I know this doesn’t make a whole lot of difference, it’s just one of those things.

So

$n^2 - 10m^2 = \pm2$

which was equivalent to the statement

$n^2 = 2 \mod 5$ or $n^2 = 3 \mod 5$

In general, do we consider any ‘modulo n’ so that the statement is simplified?

Many Thanks
———————————————————

You are absolutely right about the principality question. That is, when we have an ideal $I$ in the ring of integers $O_K$ of an algebraic number field $K$ such that $N(I)=n$, then we are led to consider solutions to the equation

$N(z)=\pm n$

for various $z$. As we’ve seen in many examples, once $z$ is expressed in terms of an integral basis, this becomes an equation in $d=[K:Q]$ variables with integer coefficients to which we can consider solutions. Now, if there are no solutions with $z\in O_K$, then, a fortiori, there are no solutions $z\in I$ and we can conclude that $I$ is not principal. However, although I’m too lazy now to cook up an example, there are situations where there *is* a solution $z\in O_K$, but no solution $z\in I$. In the example you mention, the equation corresponding to $z\in I$ is easily found to be

$4n^2-10m^2=\pm 1$

which is obviously more resrictive than

$n^2-10m^2=\pm 1.$

In our case, the latter already has no solution, so we don’t need to consider the more refined equation.

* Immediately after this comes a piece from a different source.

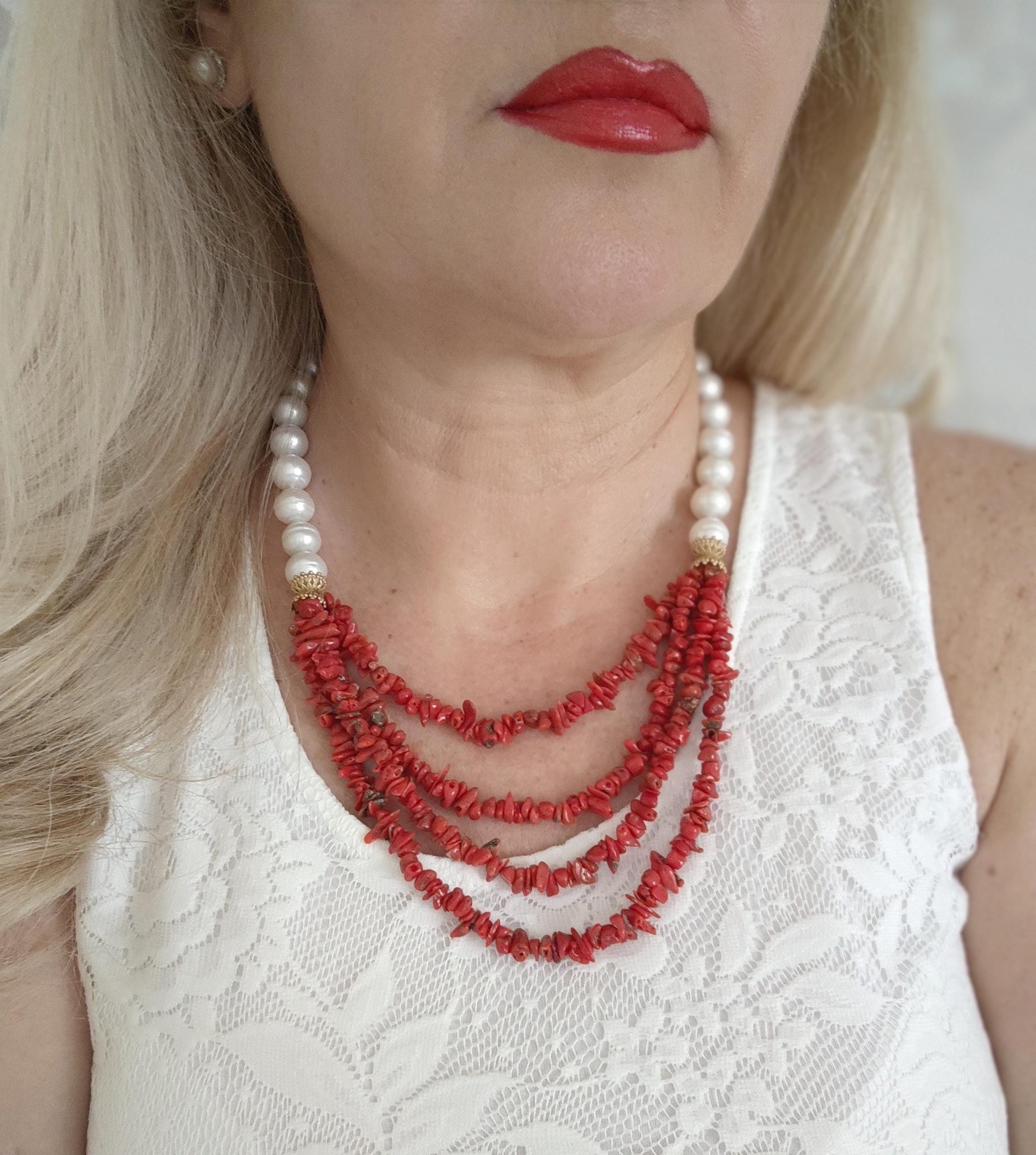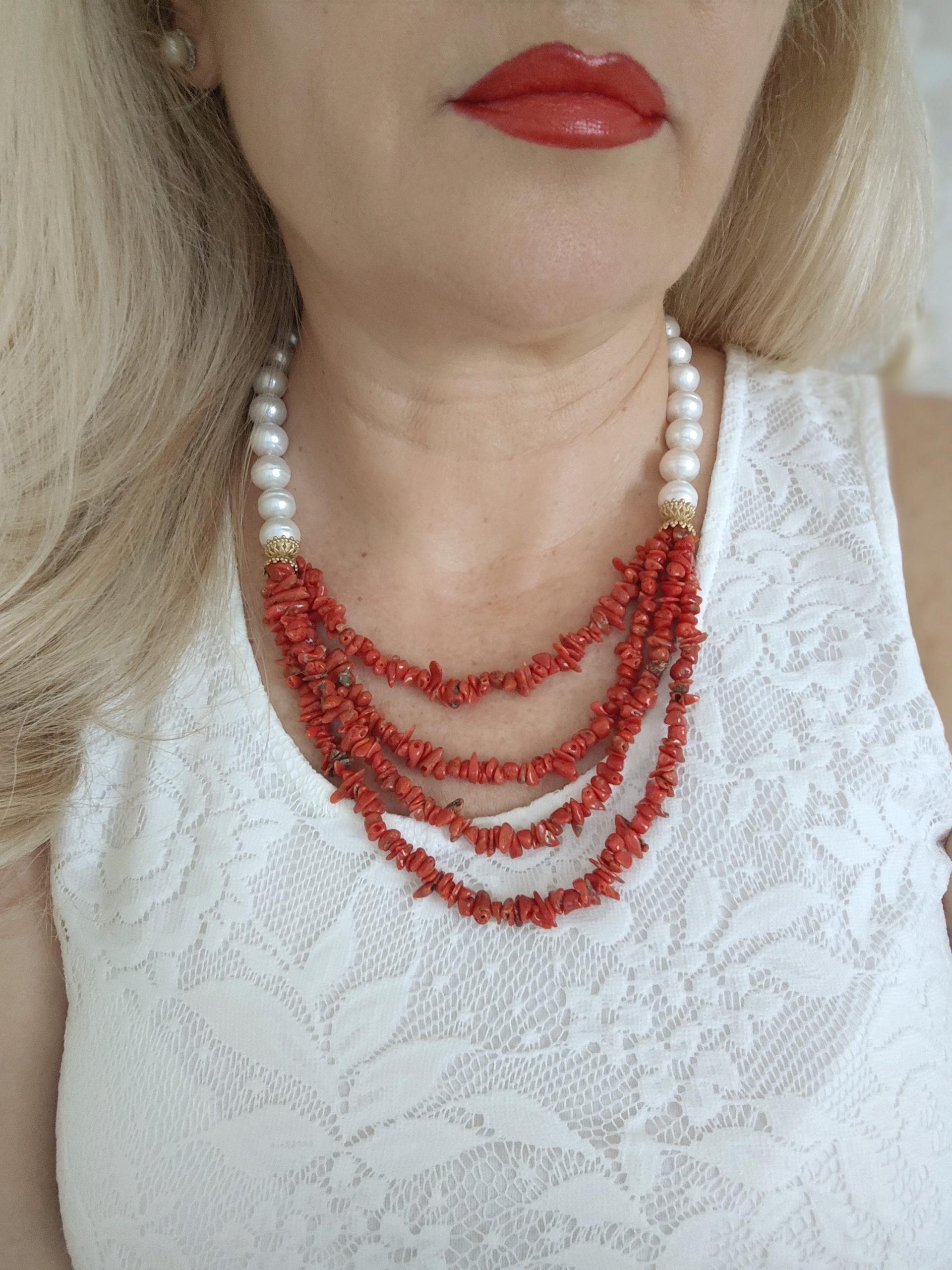 Collana corallo rosso mediterraneo naturale a 3 fili con perle bianche barocche e argento 925 placcato oro, gioielli italiani

Regarding your second question, firstly, the equation is not *equivalent* to the congruence equation but just implies it. So if the congruence equation has no solution, neither does the original, which is how we used it. Now, I don’t quite understand your final question, but perhaps I should remark that considering congruences is a standard way of investigating solutions to quadratic equations. In fact, it is useful for *any* Diophantine equation. However, a rather deep theorem says that for quadratic equations, sufficiently many congruence equations completely determine whether or not the original equation has rational solutions.

### Primitive elements

Dear Dr Kim,

There is a post on your blog regarding finding primitive elements. Your advice was to look at the Primitive elements: an example document. Can I assume this would be an acceptable answer in the exam and, would just stating that the method is the same as the one used for proving the Primitive Element Theorem be sufficient justification or do we need to provide further explanation?

———————————————————-

Of course the method is acceptable, but I don’t understand what you mean by sufficient justification.’

Let’s remind ourselves what method we are speaking of:

To find a primitive element in $Q(\alpha, \beta)$, we need to locate a linear combination $\alpha + c\beta$ with $c\in Q$ satisfying certain conditions spelled out in the proof of the Primitive Element Theorem. It might be $\alpha+\beta$, $\alpha-\beta$, $\alpha+(1/2)\beta$, etc. depending on the situation, even though the result tends to be rather simple in the examples that have come up. To use the method of the theorem would mean checking that the conditions are satified for some specific $c$. If you did this, yes it would be sufficient justification.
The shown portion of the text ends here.